Although the entries contain pictures, copy only their text, exactly as written.

------------

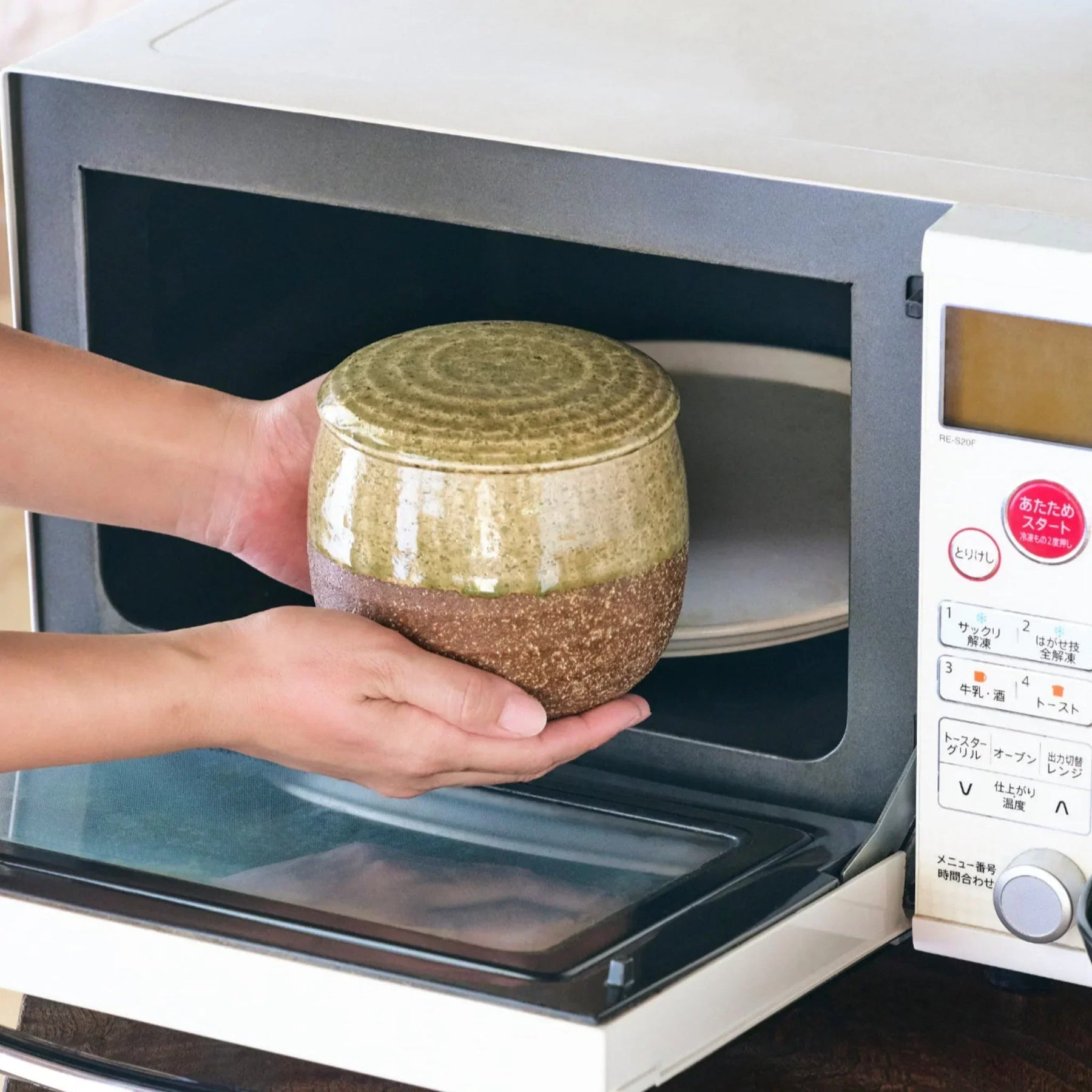 This ohitsu is designed for both storage and reheating. Place leftover rice directly in the bowl, cover, and refrigerate. When it is time to serve, simply reheat in the microwave. There is no need for extra containers. The porous ceramic interior gently absorbs excess moisture during storage and releases it when warmed, restoring the texture and aroma of freshly steamed rice.
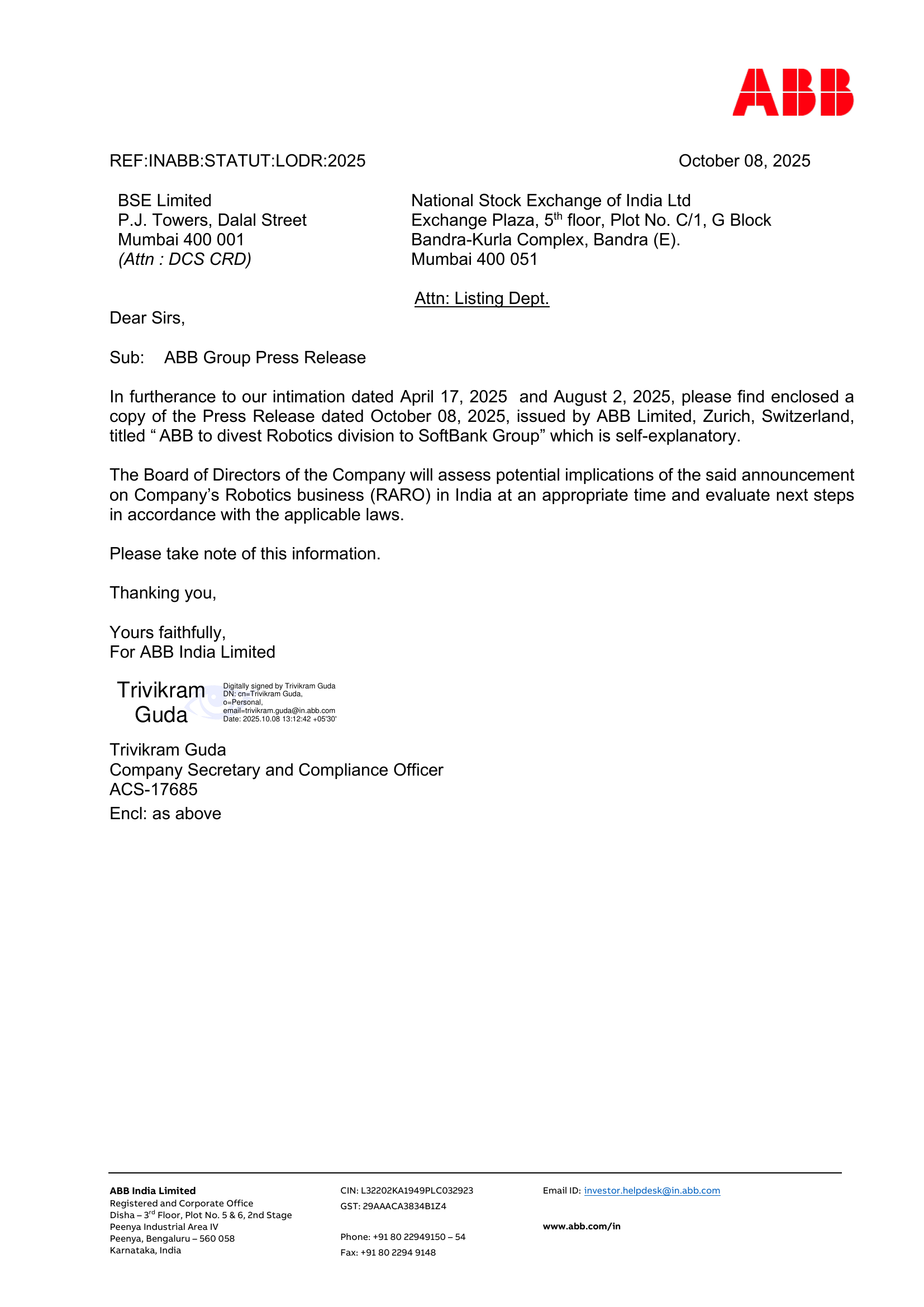 ABB Divests Robotics Division to SoftBank for $5.375B ABB announces the sale of its Robotics division to SoftBank Group for $5.375 billion, expected to close by late 2026. The division, with $2.3B revenue in 2024, will be reported as discontinued operations from Q4 2025. The transaction is projected to generate a $2.4B pre-tax gain and $5.3B cash proceeds, with $200M in separation costs. The proceeds will support ABB's focus on electrification and automation. Original Filing: www.bseindia.com/stock... $ABB.NSE
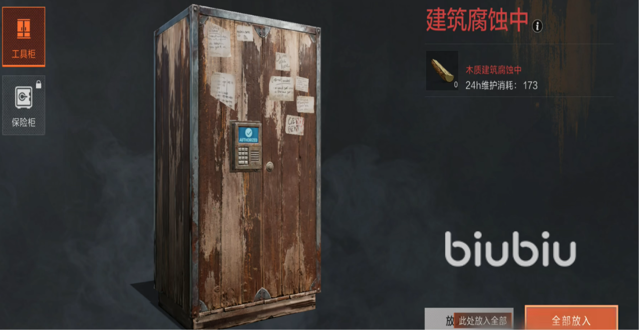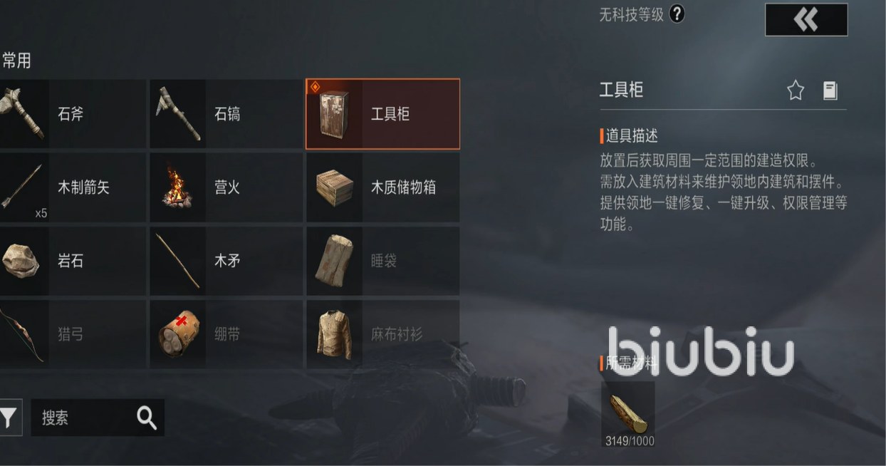 想要获得工具柜的话,大家就可以直接点击游戏主页左下角制作。其实就可以在常用里到第三个位置找到工具柜,放置之后就可以获得领地中一定的建造权限。内部的建筑以及各种摆件都需要进行维护,然后就可以将所拥有的材料放入工具柜,即可自动维护大家的领地。
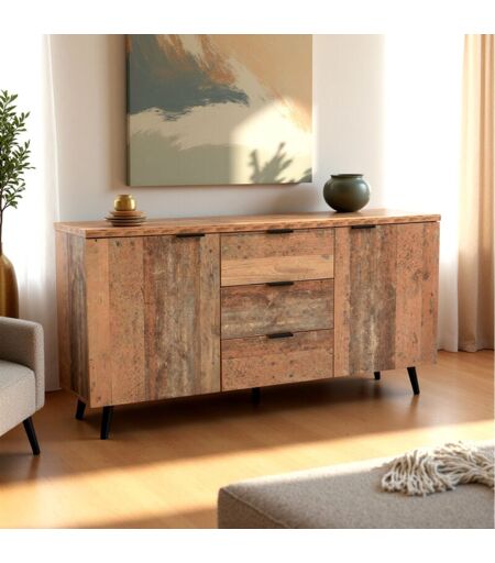 Urban Meuble - Vitrine de rangement effet bois vieilli avec 2 portes 3 tiroirs et étagères réglables
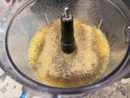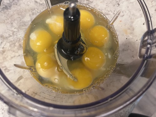 Then whisk together your eggs or do it in a food processor or blender. I like the blender because it makes the eggs really creamy, since you’re not using any milk.

------------

[Solution for this problem]:
 This ohitsu is designed for both storage and reheating. Place leftover rice directly in the bowl, cover, and refrigerate. When it is time to serve, simply reheat in the microwave. There is no need for extra containers. The porous ceramic interior gently absorbs excess moisture during storage and releases it when warmed, restoring the texture and aroma of freshly steamed rice.
 ABB Divests Robotics Division to SoftBank for $5.375B ABB announces the sale of its Robotics division to SoftBank Group for $5.375 billion, expected to close by late 2026. The division, with $2.3B revenue in 2024, will be reported as discontinued operations from Q4 2025. The transaction is projected to generate a $2.4B pre-tax gain and $5.3B cash proceeds, with $200M in separation costs. The proceeds will support ABB's focus on electrification and automation. Original Filing: www.bseindia.com/stock... $ABB.NSE
 想要获得工具柜的话,大家就可以直接点击游戏主页左下角制作。其实就可以在常用里到第三个位置找到工具柜,放置之后就可以获得领地中一定的建造权限。内部的建筑以及各种摆件都需要进行维护,然后就可以将所拥有的材料放入工具柜,即可自动维护大家的领地。
 Urban Meuble - Vitrine de rangement effet bois vieilli avec 2 portes 3 tiroirs et étagères réglables
 Then whisk together your eggs or do it in a food processor or blender. I like the blender because it makes the eggs really creamy, since you’re not using any milk.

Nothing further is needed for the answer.